SEC Changes to the SP Regulation

On May 16, 2024, the Securities and Exchange Commission adopted amendments to Regulation SP, a regulation that regulates the processing of consumers’ nonpublic personal information by certain financial institutions. The changes apply to broker-dealers, investment firms and registered investment advisers (collectively, “covered institutions”) and are intended to modernize and enhance protections for consumers’ financial information. Regulation SP continues to require covered institutions to implement written policies and procedures to protect customer records and information (the “Security Rule”), to properly dispose of consumer information to protect against unauthorized uses (the “Deletation Rule”), and to implement a privacy policy policy notice with an opt-out option. Registered investment advisers with assets under management of more than $1.5 billion will have until November 16, 2025 (18 months), and entities with less will have until May 16, 2026 (24 months).

Incident response program

Covered institutions will be required to implement an Incident Response Program (the “Program”) in their written policies and procedures if they have not already done so. The program must be designed to detect, respond to, and recover customer information from unauthorized third parties. The nature and scope of the incident should be documented and further steps taken to prevent further unauthorized use. Covered institutions will also be responsible for adopting procedures to oversee third-party service providers that receive, store, process, or access their customer data. The Safeguards Rule and Deletion Rule require that nonpublic personal information received from a third party about its customers be treated the same as if it were your own customer.

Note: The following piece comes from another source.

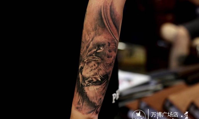 当前位置: 首页 >河北省保定市纹身店-魔罗阁刺青潮店纹身图案>狮子王纹身图片_成品手臂欧美写实肖像动物原创3D纹身图案
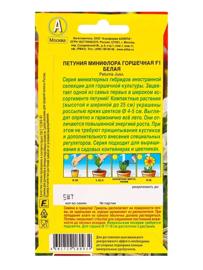 Семена цветов Петуния Минифлора горшечная F1 белая (драже в пробирке) Цветущий балкон, Ц/П,5 шт. 10

Customer notification requirement

The changes require covered institutions to notify affected individuals whose sensitive customer information has been or is likely to have been accessed or used without authorization. The amendments require a covered institution to notify as soon as practicable, but no later than 30 days after becoming aware, that unauthorized access to or use of customer information has occurred or is reasonably likely to occur. Notifications must include details about the incident, the data that was breached, and how affected individuals can respond to the breach to protect themselves. A covered institution is not required to provide notice if it determines that sensitive customer information has not been, and is not likely to be, used in a way that would cause significant harm or inconvenience. To the extent a covered institution will have a notification obligation under both the final amendments and a similar state law, the covered institution may be able to provide a single notice to satisfy the notification obligations under both the final amendments and state law, provided , that the notice includes all information required under both the final changes and state law, which may reduce the number of notices an individual receives.

Record keeping

Covered institutions will have to keep and keep the following data in their books and registers:

  • Written policies and procedures to be adopted and implemented in accordance with the Security Policy, including an incident response program;
  • Written documentation of any unauthorized access to or use of customer information detected, and any response and recovery from such unauthorized access to or use of customer information required by the incident response program;
  • Written documentation of any investigations and determinations made regarding the need to notify customers, including the basis for any determinations made and any written documentation from the United States Attorney General related to the delay in notification, and a copy of any notices sent after such determination;
  • Written policies and procedures required for oversight of the service provider;
  • Written documentation of any contracts entered into in accordance with the service provider’s supervision requirements; AND
  • Written policies and procedures to be adopted and implemented as part of the takedown policy.

Registered investment advisers will be required to keep this documentation for five years, the first two years in an easily accessible place.